When the appeal is or is not governed by the code. c. The right to review on appeal to the court of appeals a final order, judgment, or decree, made prior to July, 1847, as also the time and manner of prosecuting the appeal, depend on the old law. Mayor of New York v. Schermerhorn, 1 Code Rep. 109; 1 Coms., 423.
d. When a final order, judgment, or decree, is made after the 1st of July, 1848, whether the suit was commenced before or after that day, the right to appeal, &c., depends upon the code. Selden v. Vermilya, 1 Code Rep., 110; 1 Coms.534 ; Mayor of New York v. Schermerhorn, 1 Code Rep. 109; 1 Coms. 423.

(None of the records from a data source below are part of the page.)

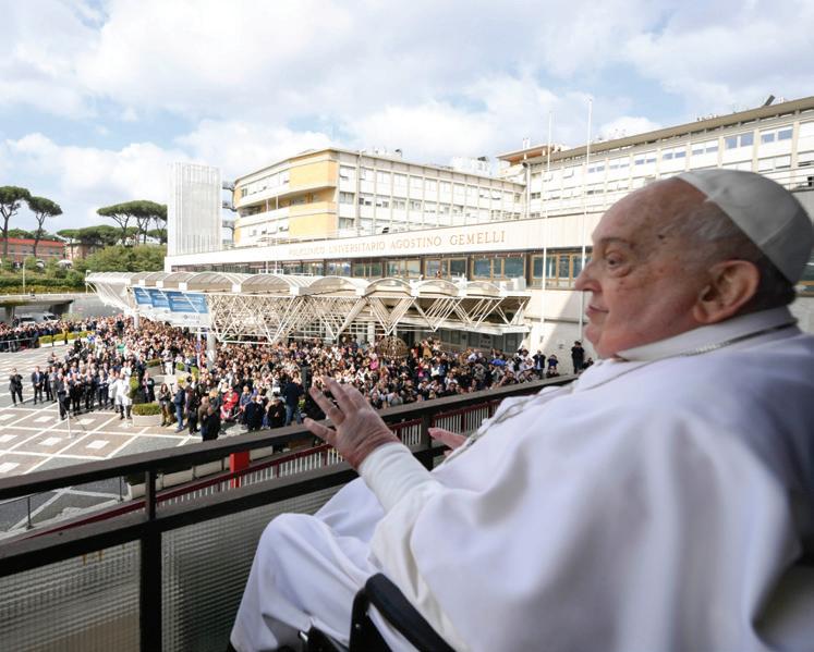 The pope continues to show improvements in his mobility and ability to speak, the press office told reporters April 1. The pope continues to receive supplemental oxygen through a nasal cannula during the day and high-flow oxygen at night when necessary. He can remove the nasal tube for “brief periods” during the day.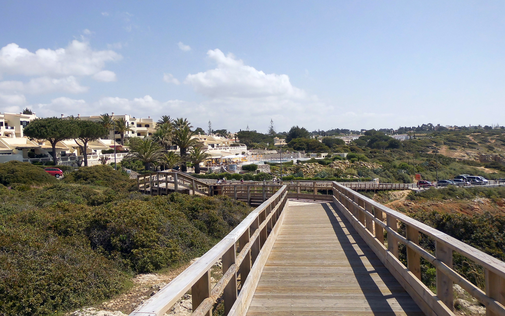 der Nachbarort in östlicher Richtung. Oberhalb der Praia do Carvoeiro auf der östlichen Seite, existiert seit 2014 eine hölzerne Promenade (neudeutsch „walk“), die es möglich macht, küstennah zum Algar Seco zu spazieren. Das war zuvor nur auf einem Wanderpfad möglich, wenn man nicht auf der Straße gehen wollte.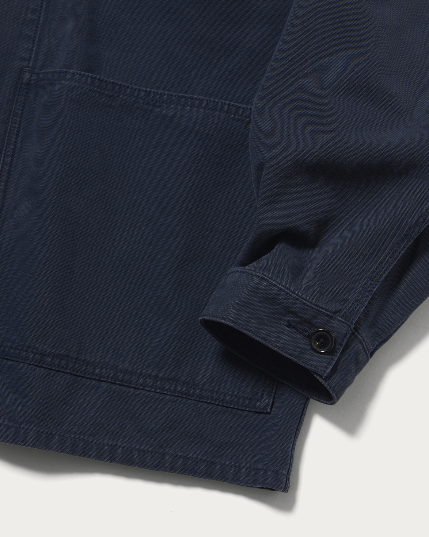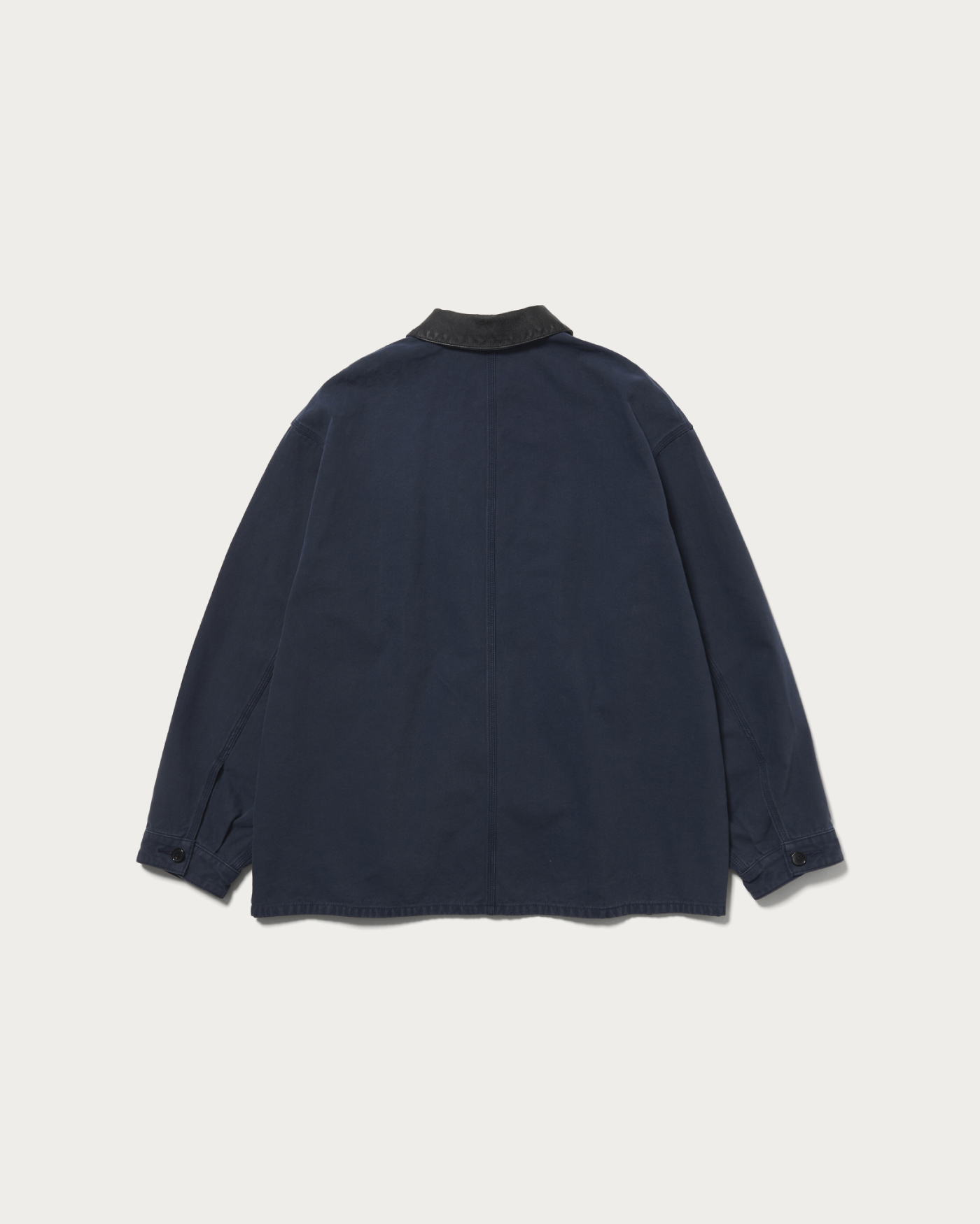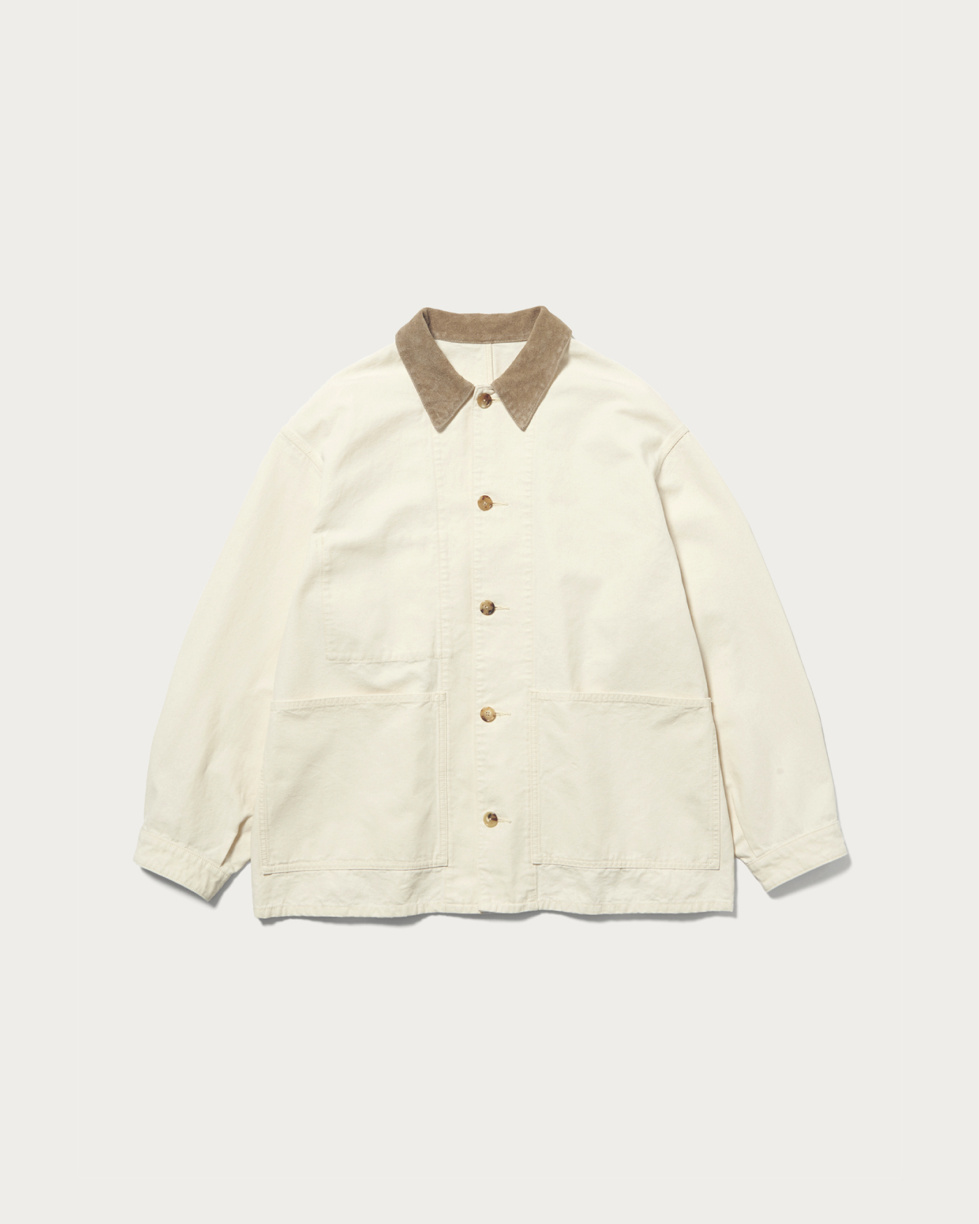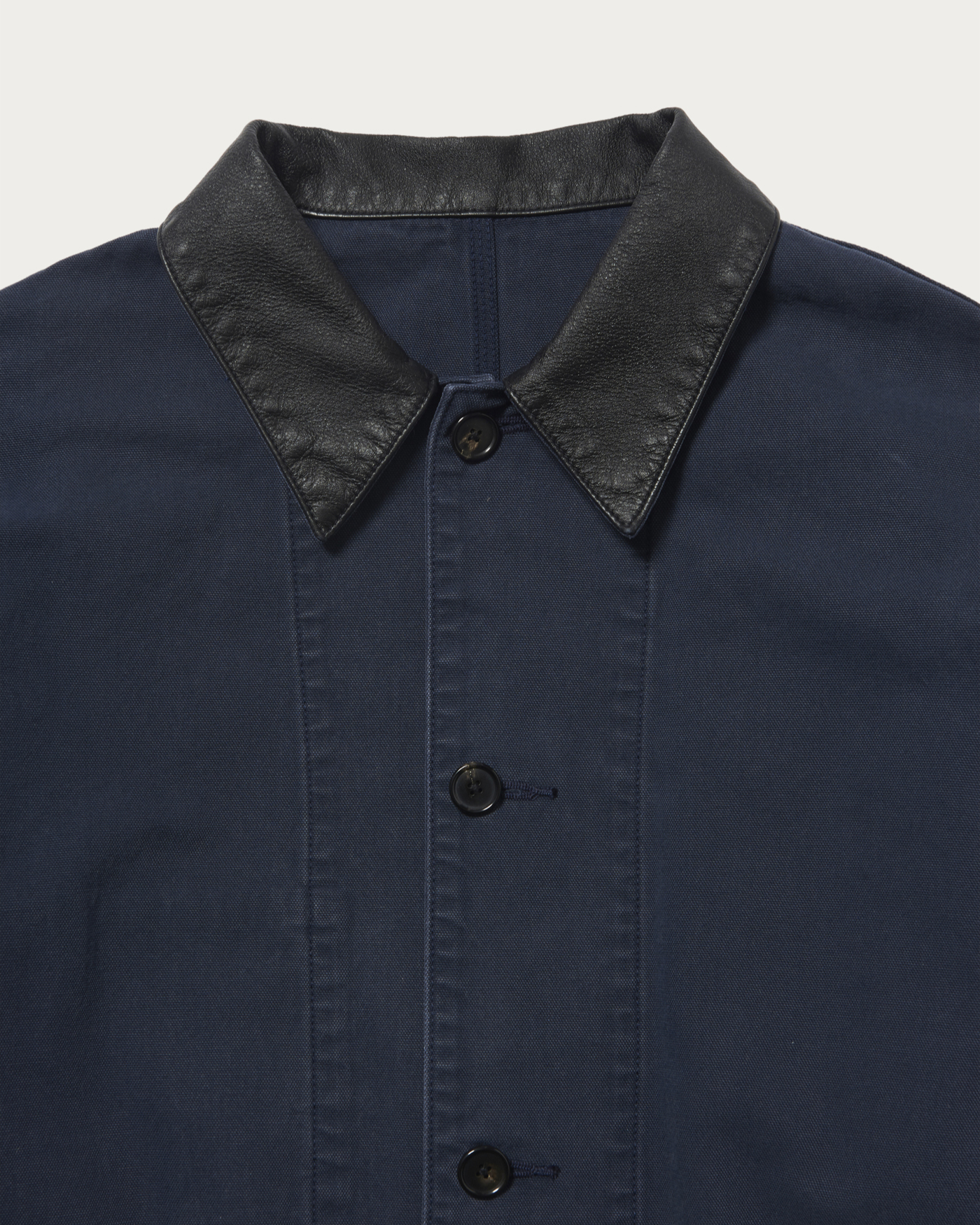 アメリカのカバーオールをベースに、都会的なムードでアレンジしたカバーオールです。ゆったりとしたオーバーサイズシルエットに、直線的で大きなポケットを配置したデザインが特徴。表襟にはウォッシャブルカウレザーをあしらい、フロントにはホーンボタンを採用することで、上品なワークジャケットに仕上げています。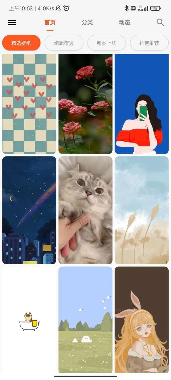 想给手机换上酷炫又个性的壁纸?那“wallpaper壁纸屋”绝对能满足你!它是一款超棒的手机壁纸软件,每日海量更新高清壁纸,涵盖自然美景、创意设计、动漫游戏、娱乐明星、豪车萌宠等各种主题,还有超精致的动态壁纸,让你的手机瞬间充满创意。这里有上百种主题分类,不管你是啥喜好,都能轻松找到心仪壁纸。操作超简单,一键就能收藏喜欢的壁纸,随时随地随心换。还能一键分享到朋友圈,晒出你的心动瞬间。它来源广泛,适配各种机型,没有广告也没过多权限要求,完全免费无水印,能让你的手机屏幕生动又清晰,轻松打造个性化桌面,方便又高效,赶紧试试吧!

e. This section (s. 11) repeals sections 5 and 10 of the judiciary act (Laws of 1847, p. 639), giving an appeal from the decisions of the supreme court granting or refusing a new trial on a bill of exceptions. Tilley v. Phillips, 3 Pr. R., 364 ; 1 Code Rep., 111; 1 Coms., 610. And see also Grover v. Coon, 3 Pr. R., 341; 1 Code Rep., 96 ; Selden v. Vermilya, 3 Pr. R., 342 ; 1 Code Rep., 101 ; Anon. 1 Code Rep., 101; therefore in Tilley v. Phillips (supra), it was decided that no appeal lay to the court of appeals from an order made upon a bill of exceptions under the judiciary act of 1847, because such order was made after the 1st of July, 1848 (the day the code went into operation), although the suit had been commenced before July, 1848. But where an appeal from the decision of the supreme court, granting a new trial on a bill of exceptions was taken under the judiciary act before the code went into effect, it was held that the court had authority to decide such appeal after the code took effect. Butler v. Miller, 3 Pr. R., 339; 1 Code Rep., 110.
f. “Whether appeals may still be brought from the decision of the supreme court on bills of exceptions in cases where the action was pending prior to the first day of July, is a question which need not now be decided. We are of opinion that this appeal may be prosecuted in the saine manner as though the code had not been passed.” And see also Spaulding v. Kingsland, 1 Code Rep., 110; 1 Coms., 426. Rice v. Floyd, 1 Code 112; Dunlap v. Edwards, 3 ib., 197 ; 3 Coms., 341.
No appeal lies to the court of appeals in the following cases. g. Where there was a verdict and judgment without any exceptions or proceedings intermediate the verdict and filing the judgment record, and an appeal was brought upon the judgment. The suit was commenced prior to 1st July, 1848; but the verdict and judgment were obtained after that time. Lake v. Gibson, 3 Pr. R., 420.
h. Upon a mere question of costs. Sherman v. Daggett, 3 Pr. R., 426.
i. From a decision on a motion to set aside a judgment or decree, either for irregularity or as matter of favor. Sherman v. Felt, 3 Pr. R., 425.
j. To review a judgment upon a report of referees, upon a case containing merely the evidence before the referees, and the same as used before the supreme court. Sturgess v. Merry. 3 Pr. R., 418.
k. From the decision of the supreme court on a case: there must be a bill of exceptions or special verdict. So held, where there was a trial in an action of ejectment, and a verdict taken subject to the opinion of the supreme court upon a case to be made-which was made, and the general term gave judgment for the defendant on the case-which order was appealed to this court. Wright v. Douglass. 3 Pr. R., 418.